When access to Signal was originally censored in Egypt, Oman, Qatar, and UAE, we responded by deploying domain fronting in those countries through Google App Engine. This meant that to block Signal, those countries would also have to block google.com. That was not a step those countries were willing to take, and as a result Signal has been usable there for the past 1.5 years, even though direct access remains blocked. This required no configuration from users; they could simply install the app and use it as normal.
Direct access to Signal has also been blocked in Iran for the past 3+ years, but it was not possible to use the same domain fronting technique there. In an apparently unique interpretation of US sanction law, Google does not allow any requests from Iran to be processed by Google App Engine. Requests would get past Iranian censors, but then Google themselves would block them.
In early 2018, a number of policy organizations increased pressure on Google to change their position on how they were interpreting US sanction law so that domain fronting would be possible from Iran. Sadly, these lobbying efforts seem to have had the opposite effect. When Google’s leadership became more aware of domain fronting, it generated internal conversations about whether they wanted to put themselves in the situation of providing cover for sites that entire countries wished to block.

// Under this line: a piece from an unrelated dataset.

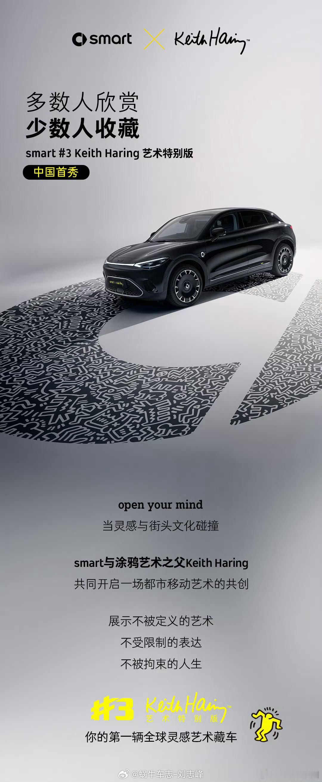 上次smart精灵5 跟Aape合作已经有点意思了,今天,又收到smart和Keith Haring联名产品,获得感十足smart现在锐意年轻,借力潮品带货,产品也更为年轻~年轻人们买车真可以看看这smart,产品设计和安全都到位~

A month later, we received 30-day advance notice from Google that they would be making internal changes to stop domain fronting from working entirely.

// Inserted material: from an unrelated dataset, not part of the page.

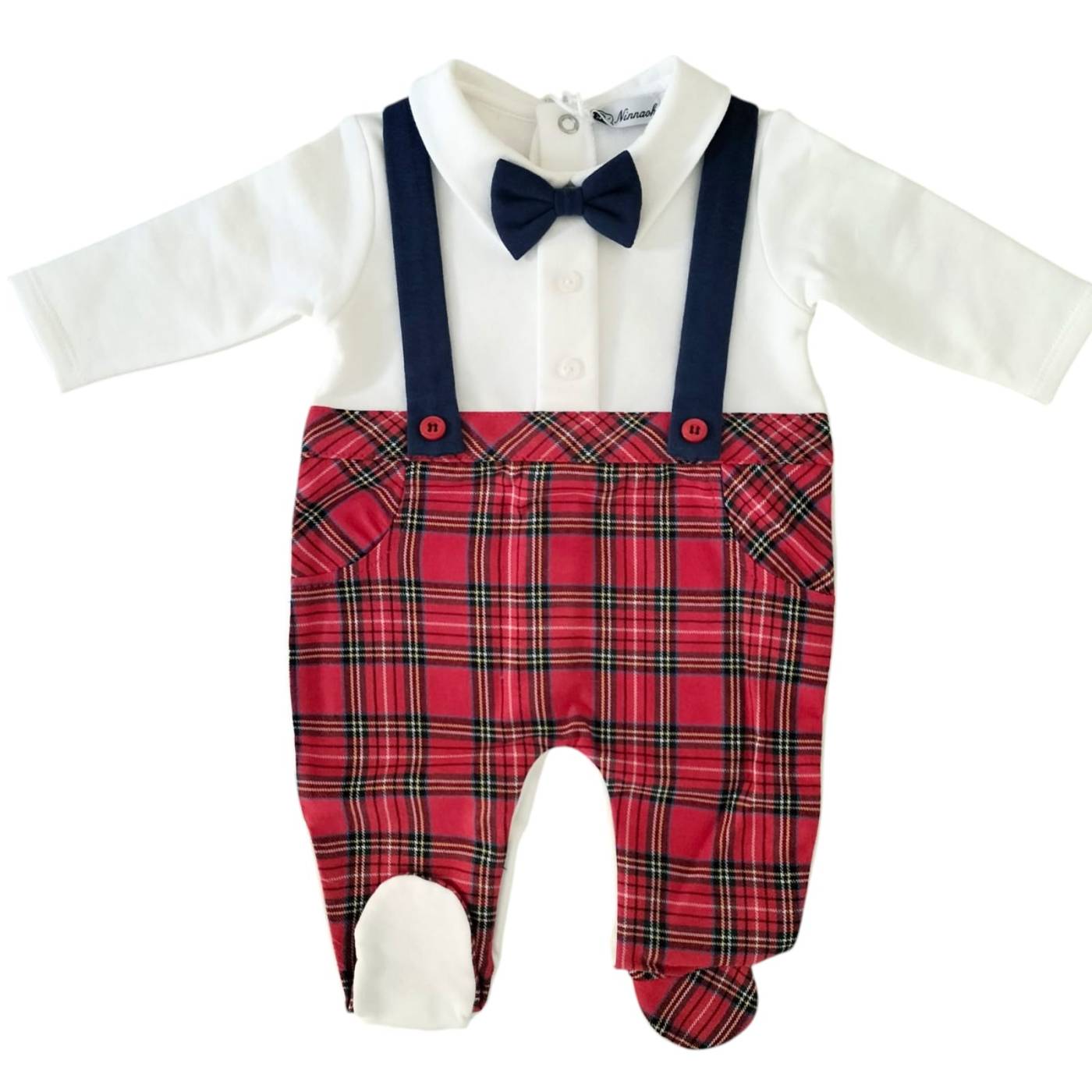 Algodão macio e quente alternado com tartan, um clássico de Natal. Com este fato de dormir, o seu filho estará confortável e com estilo ao mesmo tempo.

With Google no longer an option, we decided to look for popular domains in censored regions that were on CloudFront instead. Nothing is anywhere near as popular as Google, but there were a few sites that used CloudFront in the Alexa top 50 or 100. We’re an open source project, so the commit switching from GAE to CloudFront was public. Someone saw the commit and submitted it to HN. That post became popular, and apparently people inside Amazon saw it too.

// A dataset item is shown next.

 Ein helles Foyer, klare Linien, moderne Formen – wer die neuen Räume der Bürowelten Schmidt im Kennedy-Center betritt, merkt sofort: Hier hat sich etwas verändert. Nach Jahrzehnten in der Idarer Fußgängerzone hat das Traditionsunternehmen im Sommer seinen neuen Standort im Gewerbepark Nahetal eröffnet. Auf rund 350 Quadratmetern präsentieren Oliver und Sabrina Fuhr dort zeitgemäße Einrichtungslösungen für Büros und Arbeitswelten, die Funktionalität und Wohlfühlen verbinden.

That’s how we got to the above email. Although our interpretation is ultimately not the one that matters, we don’t believe that we are violating the terms they describe:
- Our CloudFront distribution isn’t using the SSL certificate of any domain but our own.
- We aren’t falsifying the origin of traffic when our clients connect to CloudFront.
However, in the time-honored tradition of sharing unpopular news late on a Friday afternoon, a few days ago Amazon also announced what they are calling Enhanced Domain Protections for Amazon CloudFront Requests. It is a set of changes designed to prevent domain fronting from working entirely, across all of CloudFront.
With Google Cloud and AWS out of the picture, it seems that domain fronting as a censorship circumvention technique is now largely non-viable in the countries where Signal had enabled this feature. The idea behind domain fronting was that to block a single site, you’d have to block the rest of the internet as well. In the end, the rest of the internet didn’t like that plan.
We are considering ideas for a more robust system, but these ecosystem changes have happened very suddenly. Our team is only a few people, and developing new techniques will take time. Moreover, if recent changes by large cloud providers indicate a commitment to providing network-level visibility into the final destination of encrypted traffic flows, then the range of potential solutions becomes severely limited. If you’d like to help, we’re hiring.
In the meantime, the censors in these countries will have (at least temporarily) achieved their goals. Sadly, they didn’t have to do anything but wait.